▶ [BRIEF] Start at the top of the records and, please, print each line exactly through the line that contains "SPLAN 웨이크 업", leaving out all pictures.
═════ DATASET
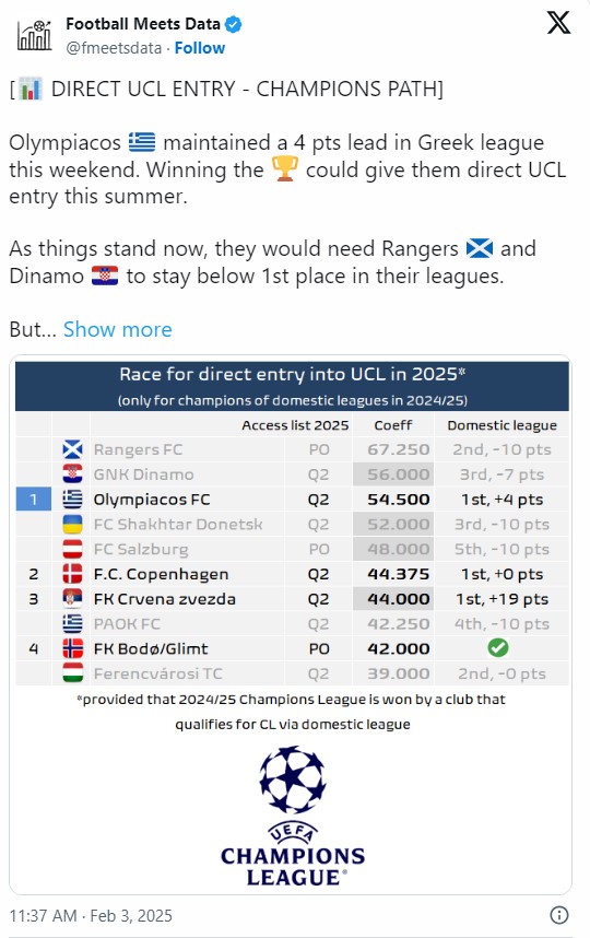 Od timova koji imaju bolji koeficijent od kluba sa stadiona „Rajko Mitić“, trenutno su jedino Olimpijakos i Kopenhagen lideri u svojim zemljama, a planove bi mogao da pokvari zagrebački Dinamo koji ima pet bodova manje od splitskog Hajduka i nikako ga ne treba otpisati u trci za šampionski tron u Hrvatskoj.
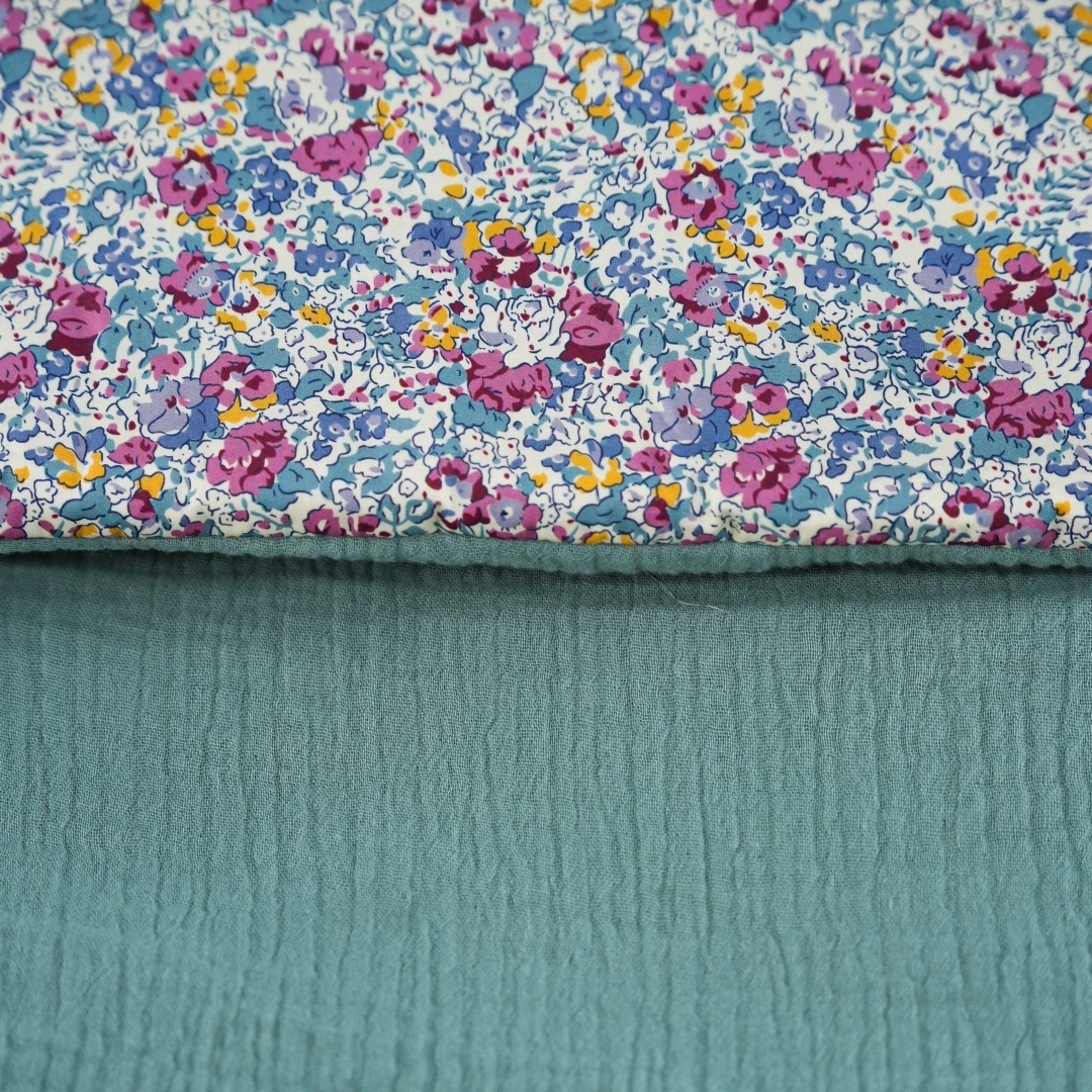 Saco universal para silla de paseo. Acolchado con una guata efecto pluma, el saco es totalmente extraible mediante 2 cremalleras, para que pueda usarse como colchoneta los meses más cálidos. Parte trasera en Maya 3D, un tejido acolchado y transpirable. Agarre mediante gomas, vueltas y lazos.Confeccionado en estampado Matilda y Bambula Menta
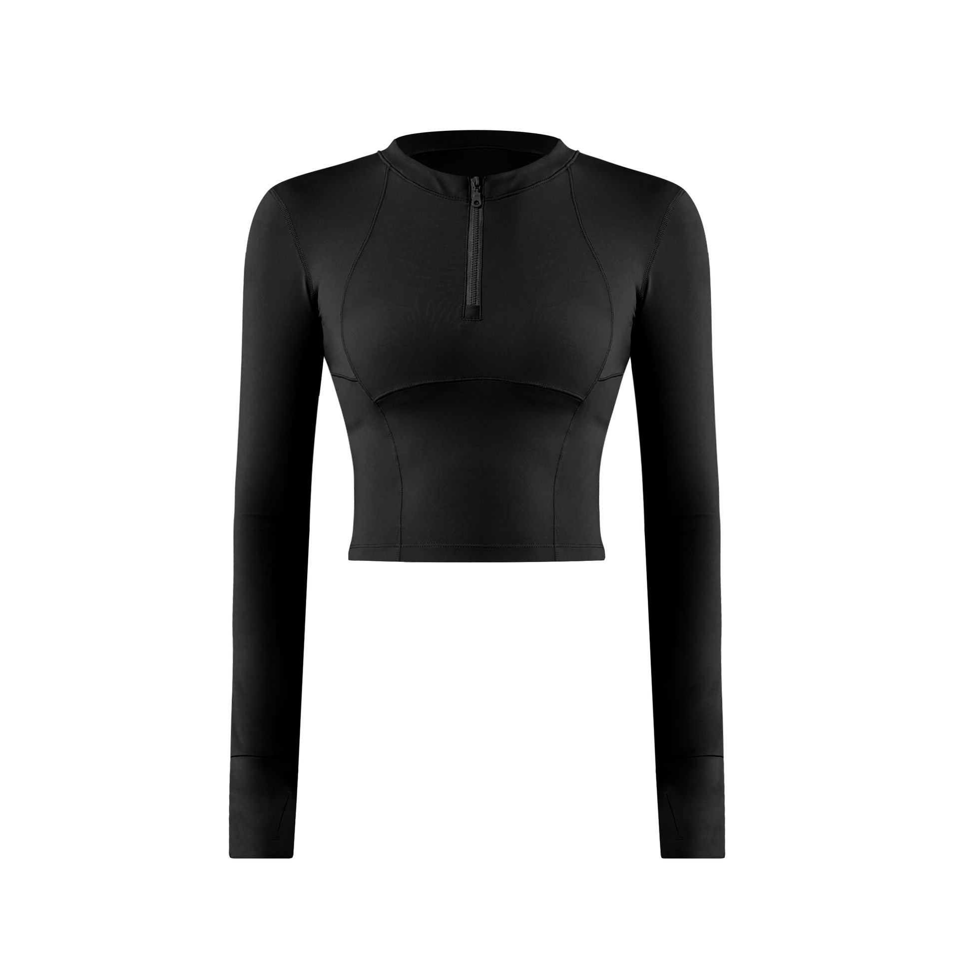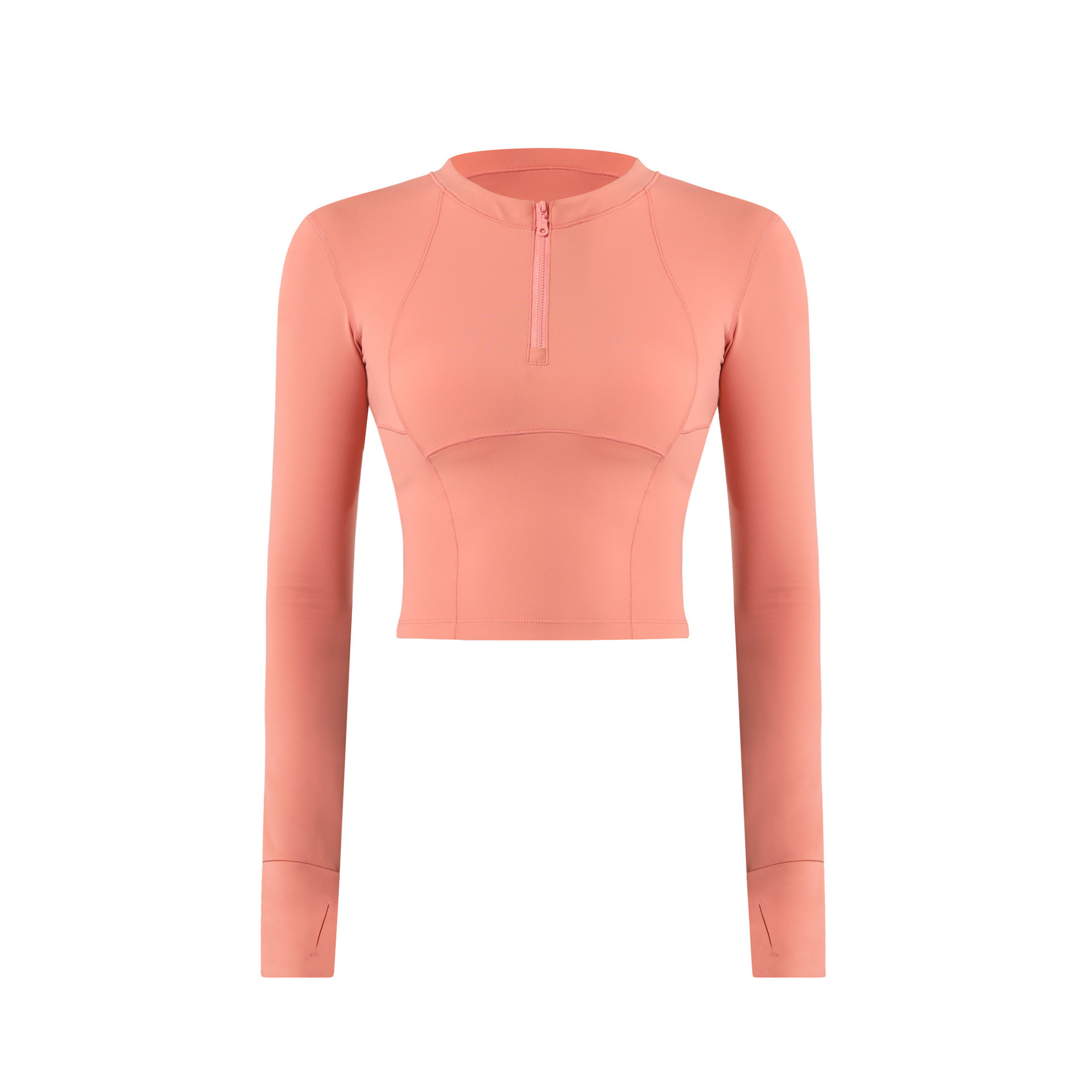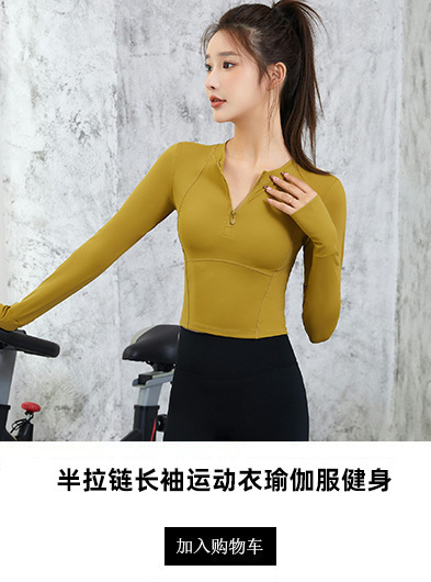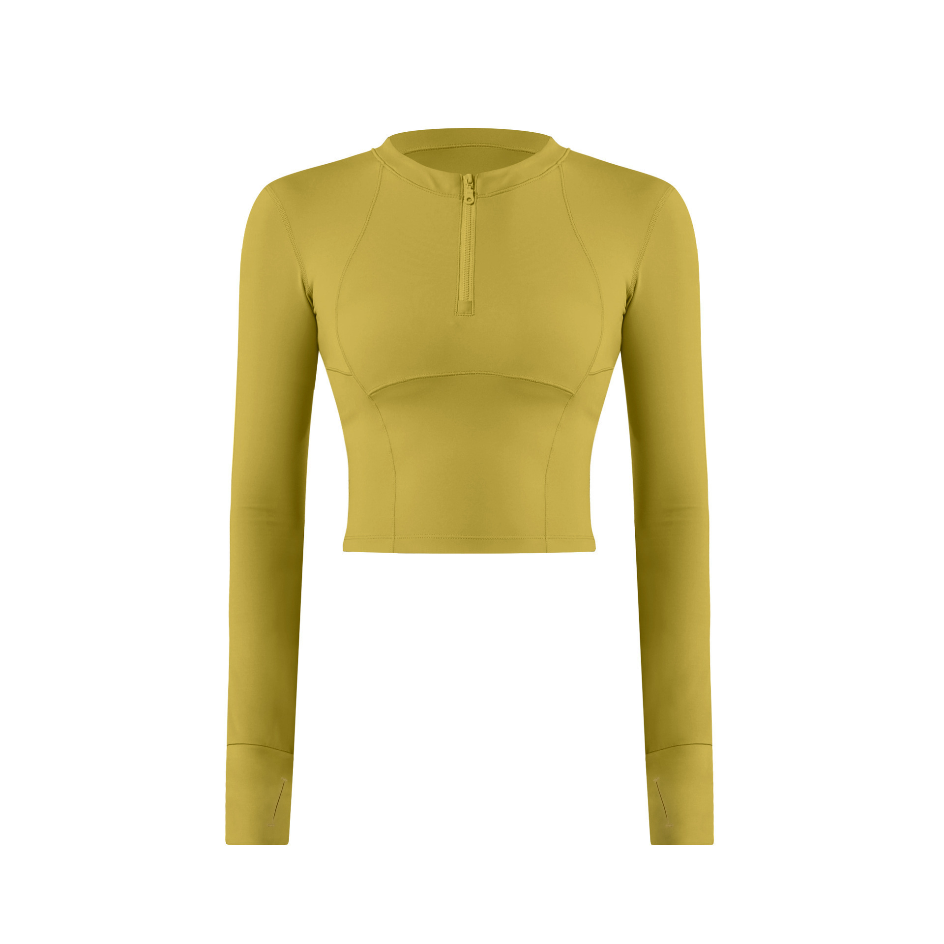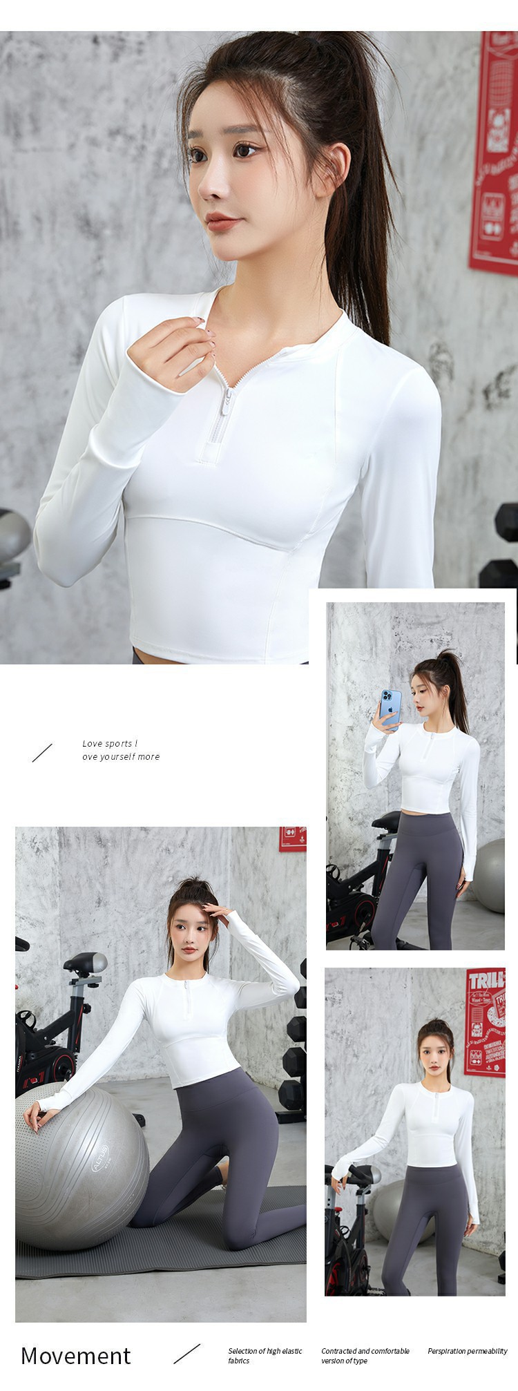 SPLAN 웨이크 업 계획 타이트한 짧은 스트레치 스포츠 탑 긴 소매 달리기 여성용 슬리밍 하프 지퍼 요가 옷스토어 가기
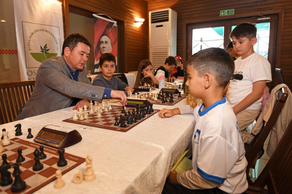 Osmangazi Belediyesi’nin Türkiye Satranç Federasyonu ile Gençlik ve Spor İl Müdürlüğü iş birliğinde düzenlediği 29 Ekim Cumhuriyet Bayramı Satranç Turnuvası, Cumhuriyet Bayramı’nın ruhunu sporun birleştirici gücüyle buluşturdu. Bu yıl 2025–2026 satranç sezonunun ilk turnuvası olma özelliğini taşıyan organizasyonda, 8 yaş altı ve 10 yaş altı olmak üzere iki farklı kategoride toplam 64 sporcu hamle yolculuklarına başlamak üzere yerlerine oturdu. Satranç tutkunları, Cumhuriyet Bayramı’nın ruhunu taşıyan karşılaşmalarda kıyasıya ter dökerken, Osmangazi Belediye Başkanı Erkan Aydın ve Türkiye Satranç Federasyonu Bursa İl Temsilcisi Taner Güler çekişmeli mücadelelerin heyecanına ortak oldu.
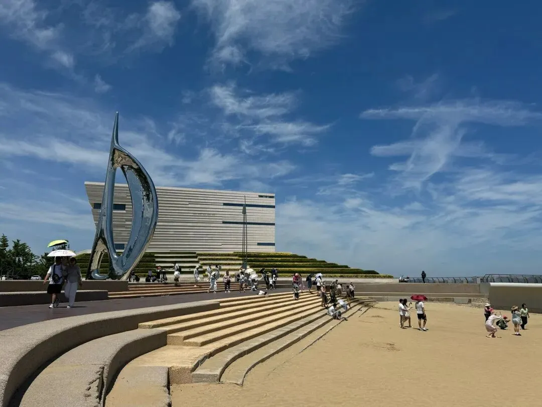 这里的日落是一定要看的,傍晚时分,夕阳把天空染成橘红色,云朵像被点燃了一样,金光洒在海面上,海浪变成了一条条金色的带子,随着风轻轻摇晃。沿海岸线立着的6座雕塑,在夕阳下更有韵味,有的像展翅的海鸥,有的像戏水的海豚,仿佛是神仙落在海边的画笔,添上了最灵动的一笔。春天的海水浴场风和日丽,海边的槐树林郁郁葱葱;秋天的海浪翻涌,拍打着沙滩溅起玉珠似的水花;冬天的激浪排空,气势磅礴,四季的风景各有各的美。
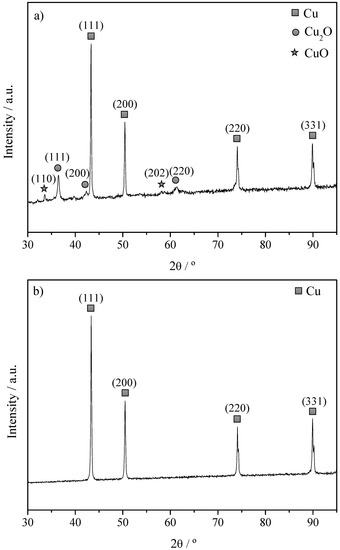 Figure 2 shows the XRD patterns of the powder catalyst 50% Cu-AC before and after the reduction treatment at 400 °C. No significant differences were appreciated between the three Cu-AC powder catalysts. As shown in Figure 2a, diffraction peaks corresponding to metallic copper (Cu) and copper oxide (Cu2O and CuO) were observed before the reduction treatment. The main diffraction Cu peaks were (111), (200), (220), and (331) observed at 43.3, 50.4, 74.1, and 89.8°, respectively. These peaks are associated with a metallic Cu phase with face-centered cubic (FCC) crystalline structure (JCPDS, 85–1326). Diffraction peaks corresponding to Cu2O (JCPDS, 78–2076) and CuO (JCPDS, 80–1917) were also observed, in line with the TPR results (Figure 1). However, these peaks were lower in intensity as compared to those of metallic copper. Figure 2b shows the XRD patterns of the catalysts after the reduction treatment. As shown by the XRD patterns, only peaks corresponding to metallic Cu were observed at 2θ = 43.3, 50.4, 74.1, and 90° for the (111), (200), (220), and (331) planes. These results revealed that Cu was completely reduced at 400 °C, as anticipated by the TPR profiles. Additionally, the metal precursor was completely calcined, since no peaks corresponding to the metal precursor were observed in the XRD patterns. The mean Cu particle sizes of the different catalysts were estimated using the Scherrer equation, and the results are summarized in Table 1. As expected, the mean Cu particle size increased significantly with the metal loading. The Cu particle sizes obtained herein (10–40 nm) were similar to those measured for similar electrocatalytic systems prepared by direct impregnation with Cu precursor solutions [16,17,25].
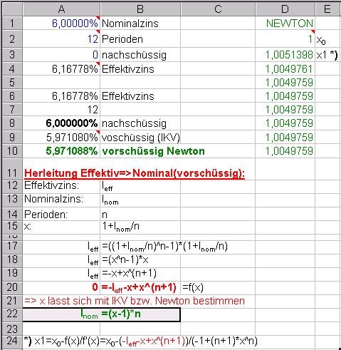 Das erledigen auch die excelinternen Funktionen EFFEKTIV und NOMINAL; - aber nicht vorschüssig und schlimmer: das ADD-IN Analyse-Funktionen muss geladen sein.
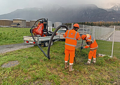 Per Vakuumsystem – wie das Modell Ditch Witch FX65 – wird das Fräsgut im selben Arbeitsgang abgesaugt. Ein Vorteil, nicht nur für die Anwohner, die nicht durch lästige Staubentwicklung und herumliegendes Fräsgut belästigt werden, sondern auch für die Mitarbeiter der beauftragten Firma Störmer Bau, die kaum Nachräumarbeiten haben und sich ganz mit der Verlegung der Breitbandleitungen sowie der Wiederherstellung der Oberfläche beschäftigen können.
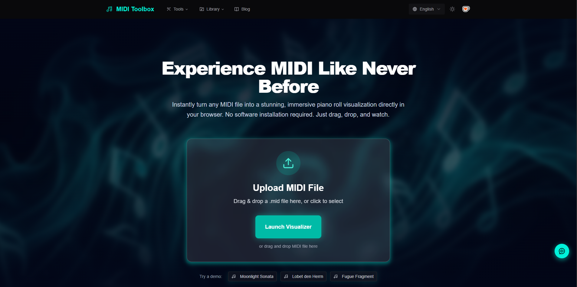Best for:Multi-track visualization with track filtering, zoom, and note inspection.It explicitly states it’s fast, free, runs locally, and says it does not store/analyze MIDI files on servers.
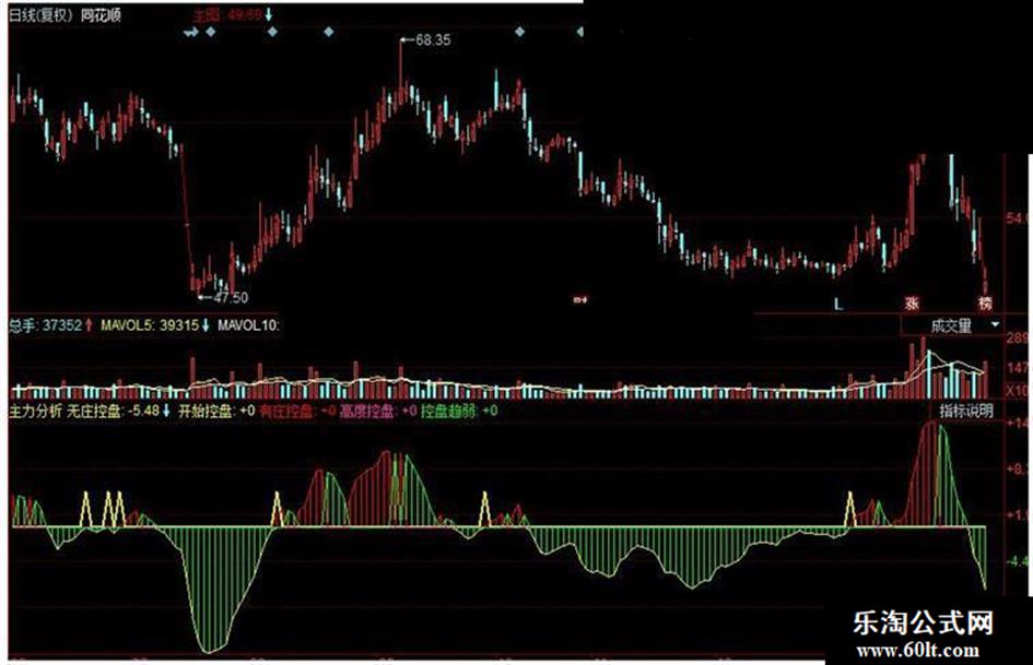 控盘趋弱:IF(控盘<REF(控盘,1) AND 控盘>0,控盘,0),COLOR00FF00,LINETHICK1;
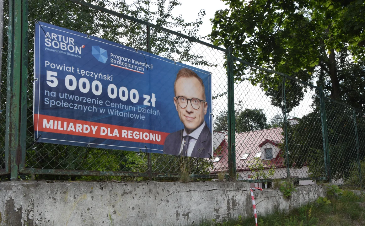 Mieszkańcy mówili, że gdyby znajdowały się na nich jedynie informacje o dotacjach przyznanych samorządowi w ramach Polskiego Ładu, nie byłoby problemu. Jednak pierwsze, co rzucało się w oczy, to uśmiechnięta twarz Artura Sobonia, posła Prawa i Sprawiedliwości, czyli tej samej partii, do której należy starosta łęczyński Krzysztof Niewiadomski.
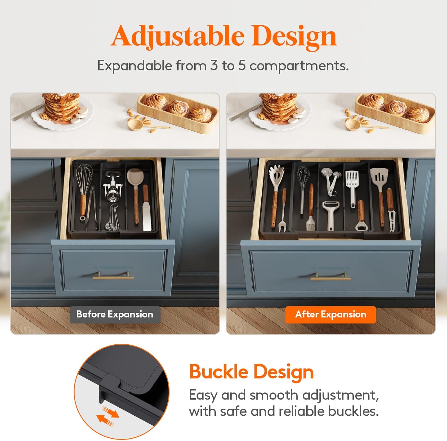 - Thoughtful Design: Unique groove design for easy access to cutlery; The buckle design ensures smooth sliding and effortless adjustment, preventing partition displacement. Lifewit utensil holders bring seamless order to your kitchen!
══════════
▶ [WRITTEN ANSWER]
 Od timova koji imaju bolji koeficijent od kluba sa stadiona „Rajko Mitić“, trenutno su jedino Olimpijakos i Kopenhagen lideri u svojim zemljama, a planove bi mogao da pokvari zagrebački Dinamo koji ima pet bodova manje od splitskog Hajduka i nikako ga ne treba otpisati u trci za šampionski tron u Hrvatskoj.
 Saco universal para silla de paseo. Acolchado con una guata efecto pluma, el saco es totalmente extraible mediante 2 cremalleras, para que pueda usarse como colchoneta los meses más cálidos. Parte trasera en Maya 3D, un tejido acolchado y transpirable. Agarre mediante gomas, vueltas y lazos.Confeccionado en estampado Matilda y Bambula Menta
 SPLAN 웨이크 업 계획 타이트한 짧은 스트레치 스포츠 탑 긴 소매 달리기 여성용 슬리밍 하프 지퍼 요가 옷스토어 가기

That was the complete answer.